Benchmarks, Redux (part 15): BSBM Test Driver Enhancements

Details

This article covers the changes we have made to the BSBM test driver during our series of experiments.

Drill-down mode - For queries that have a product type as parameter, the test driver will invoke the query multiple times with each time a random subtype of the product type of the previous invocation. The starting point of the drill-down is an a random type from a settable level in the hierarchy. The rationale for the drill-down mode is that depending on the parameter choice, there can be 1000x differences in query run time. Thus run times of consecutive query mixes will be incomparable unless we guarantee that each mix has a predictable number of queries with a product type from each level in the hierarchy.
Permutation of query mix - In the BI workload, the queries are run in a random order on each thread in multiuser mode. Doing exactly the same thing on many threads is not realistic for large queries. The data access patterns must be spread out in order to evaluate how bulk IO is organized with differing concurrent demands. The permutations are deterministic on consecutive runs and do not depend on the non-deterministic timing of concurrent activities. For queries with a drill-down, the individual executions that make up the drill-down are still consecutive.
New metrics - The BI Power is the geometric mean of query run times scaled to queries per hour and multiplied by the scale factor, where 100 Mt is considered the unit scale. The BI Throughput is the arithmetic mean of the run times scaled to QPH and adjusted to scale as with the Power metric. These are analogous to the TPC-H Power and Throughput metrics.

The Power is defined as

(scale_factor / 284826) * 3600 / ((t0 * t1 * ... * tn) ^(1 / n))

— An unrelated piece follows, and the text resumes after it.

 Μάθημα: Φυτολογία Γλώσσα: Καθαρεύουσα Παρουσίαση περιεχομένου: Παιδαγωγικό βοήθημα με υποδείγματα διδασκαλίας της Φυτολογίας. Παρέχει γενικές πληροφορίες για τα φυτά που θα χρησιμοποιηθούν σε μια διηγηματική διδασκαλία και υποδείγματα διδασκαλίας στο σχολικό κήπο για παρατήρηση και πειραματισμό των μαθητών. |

The Throughput is defined as

(scale_factor / 284826) * 3600 / ((t0 + t2 + ... + tn) / n)

The magic number 284826 is the scale that generates approximately 100 million triples (100 Mt). We consider this "scale one." The reason for the multiplication is that scores at different scales should get similar numbers, otherwise 10x larger scale would result roughly in 10x lower throughput with the BI queries.

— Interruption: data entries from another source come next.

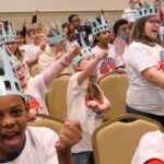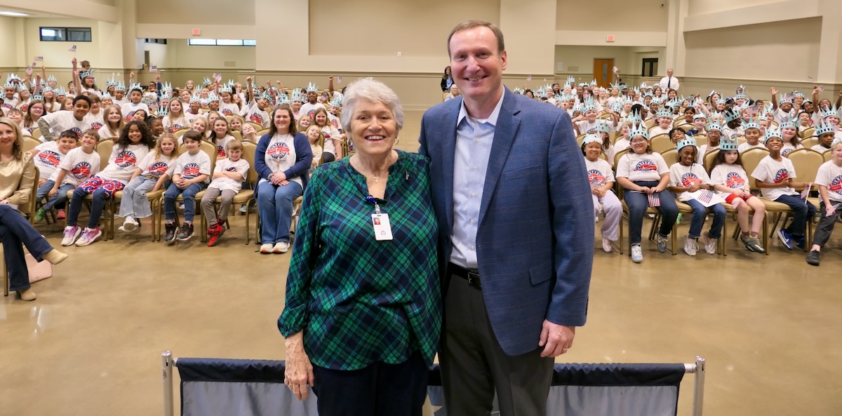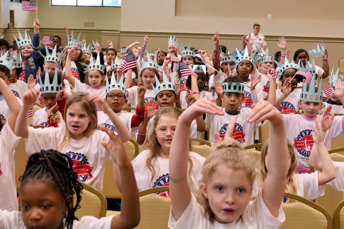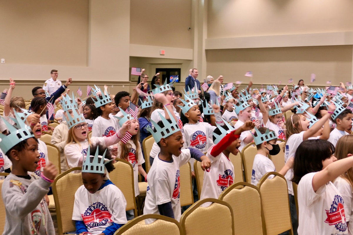 Today, 2nd graders from Calera & Wilsonville Elementary Schools filled the Shelby County Arts Council Auditorium. After finishing 10 weeks in the Hands on Liberty Program, they are gathered to celebrate their accomplishments and honor local heroes from the stage.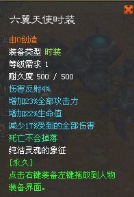 请版主告知,六翼时装更后的具体属性。出个新时装连属性都不知道,你让玩家怎么花钱买?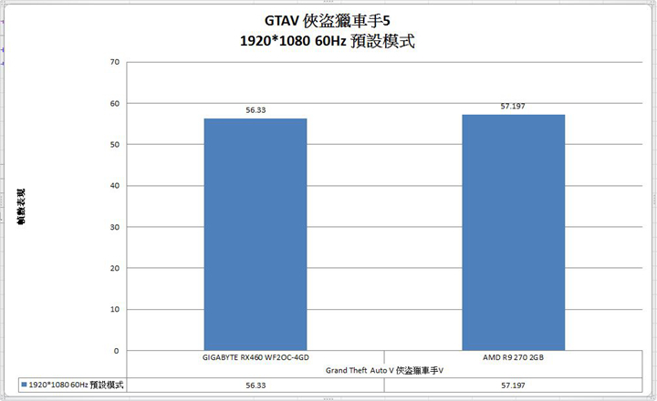 以這兩張卡來做1920*1080的解析度下特效全開實在有點虐,所以這邊的測試稍微做個改變,解析度維持1920*1080 60Hz,特效全部都使用”預設值”,並將垂直同步給關閉,測得的結果R9 270一樣是略勝RX460一咪咪,但今天特效的VRAM吃越多,RX460則會追回來。

We also show the percentage each query represents from the total time the test driver waits for responses.
Deadlock retry - When running update mixes, it is possible that a transaction gets aborted by a deadlock. We have made a retry logic for this.
Cluster mode - Cluster databases may have multiple interchangeable HTTP listeners. With this mode, one can specify multiple end-points so a multi-user workload can divide itself evenly over these.
Identifying matter - A version number was added to test driver output. Use of the new switches is also indicated in the test driver output.
SUT CPU - In comparing results it is crucial to differentiate between in memory runs and IO bound runs. To make this easier, we have added an option to report server CPU times over the timed portion (excluding warm-ups). A pluggable self-script determines the CPU times for the system; thus clusters can be handled, too. The time is given as a sum of the time the server processes have aged during the run and as a percentage over the wall-clock time.

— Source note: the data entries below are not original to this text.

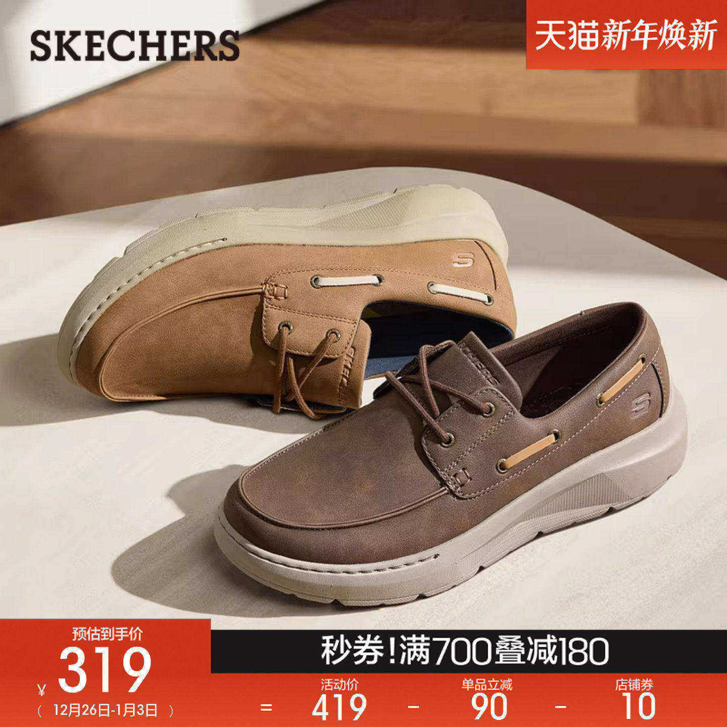 斯凯奇2025年秋冬新款男子百搭商务鞋厚底舒适休闲皮鞋通勤工作鞋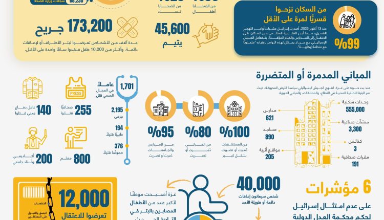 وأكد المرصد الأورومتوسطي أن هذه الإحصاءات تمثل مؤشرًا خطيرًا على حجم الانتهاكات الإسرائيلية الجسيمة لحقوق الإنسان والقوانين الدولية، داعيًا إلى تحرك دولي عاجل لتقديم الجناة للمحاسبة ومنع تكرار هذه الجرائم.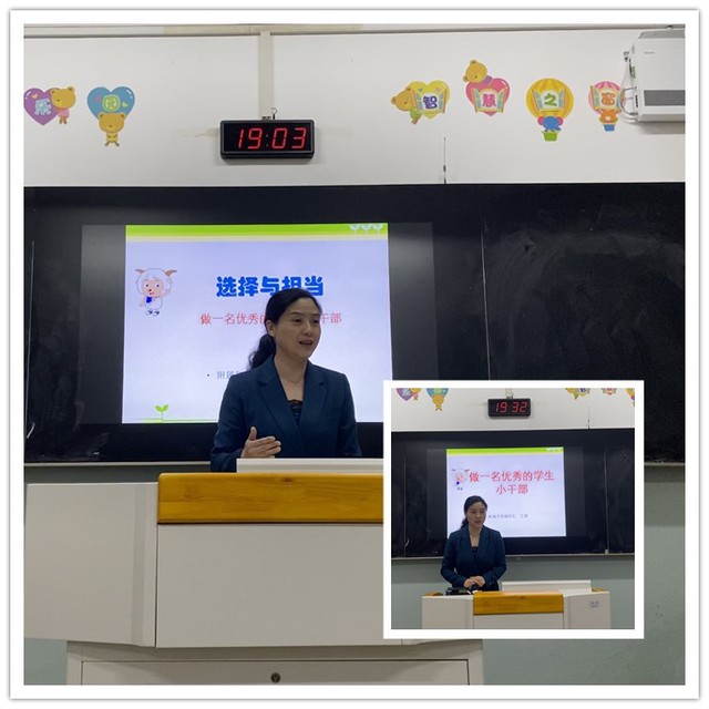 10月15日晚上,全体中小学部70多名学生干部分两批齐聚高三教室,参加学生干部培训会。副校长王蓉分别给中学部学生干部开展了“选择与担当,做一名优秀的学生干部”,给小学部的学生干部开展了“做一名优秀的学生小干部”主题的培训讲座。讲座分别从学生干部的重要性、学生干部的作用、干部的分工与职责,以及如何成为一名优秀的学生干部等内容展开,希望同学们积极发挥领头雁作用,架起老师与同学之间的桥梁,做好老师小助手,为建设优秀班集体、落实学校、班级的各项工作勇于担当,努力工作。通过学生干部聘用证书颁发的仪式教育,进一步培养学生干部的工作责任心和工作自信心。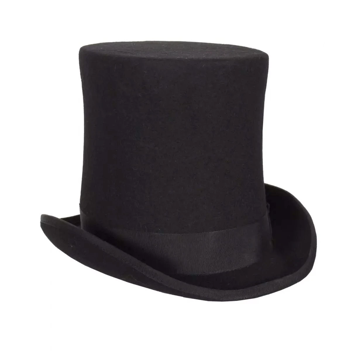 Deze cylinder hoed van 100% wolvilt is gevoerd met een 100% polyester witte satijn en is voorzien van een voeringband, de hoogte van deze hoed is 21 cm.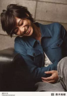 生写真(男性)/俳優 D-BOYS/鈴木裕樹/膝上・座り・衣装緑青・両手お腹・笑顔・目閉じ/2012.12/公式生写真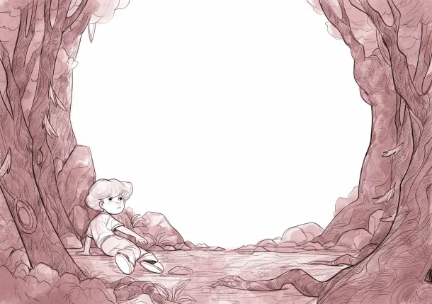 The path led to a second, smaller meadow, blocked by the massive trunk of an ancient tree. The tree was so thick that it completely blocked the way. However, someone had hollowed out a large tunnel through its center — wide enough for a person to walk through upright without any trouble.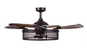 The Australian Original FANAWAY Meridian Oil Rubbed Bronze with Amber Blades is an advanced ceiling fan with unique aesthetics and energy-efficient design. Switched off, the traditionally intrusive fan blades automatically retract and conceal, transforming the unit into a modern industrial pendant. It creates open space in the room environment, accumulates less dust, and is unobtrusive and versatile to visually integrate into all rooms of your home. The fan comes with 3 dimmable LED vintage bulbs, 3-speed remote control, winter/summer mode and wall mount for you to personalize your experience. The star of this Fanaway design is the light kit which has a hand-crafted industrial mesh cage. The 3 dimmable vintages LED bulbs completes the rustic modern feel and is sure to add that designer look to any room in your home. Additional downrods lengths sold separately: 12``, 24`` and 36`` - 51107012, 51107024, 51107036. US Patent 8317470, US Patent 8807938, US Patent 8790085, US Patent 9255584, US Patent 8851841. Set includes: One (1) ceiling fan with remote control. Material: Metal (fan housing) and PC - Polycarbonate (blades) . Finish: Oil Rubbed Bronze. Ceiling fan dimensions: 16.54 inches high x 48 inches wide x 48 inches deep. Blade dimensions: 17.7 inches length x 4.1 inches width, Blade color: Amber. Winter/Summer mode manual switch. Motor size (inch): D153 x 15. Airflow(CFM): 4172.69. Number of speed: 3. Power Consumption Average(wattage): 60. Motor Wattage: 60W. Include 3 x 4.5W E26 Based ST19 LED bulbs included, each bulb 360LM, 2700K. Socket: E26, Dimmable. RPM H/M/L (motor speed): 223/163/122. Fan Watts when used at high speed: 60W. Voltage: 110V. Ceiling Fandimensions: 16.54 inches high x 48 inches wide x 48 inches deep. This product will ship to you in one (1) box. Accessories pictured are NOT included. Assembly required.

These changes will soon be available as a diff and as a source tree. This version is labeled BSBM Test Driver 1.1-opl; the -opl signifies OpenLink additions.

We invite FU Berlin to include these enhancements into their Source Forge repository of the BSBM test driver. There is more precise documentation of these options in the README file in the above distribution.

The next planned upgrade of the test driver concerns adding support for "RDF-H", the RDF adaptation of the industry standard TPC-H decision support benchmark for RDBMS.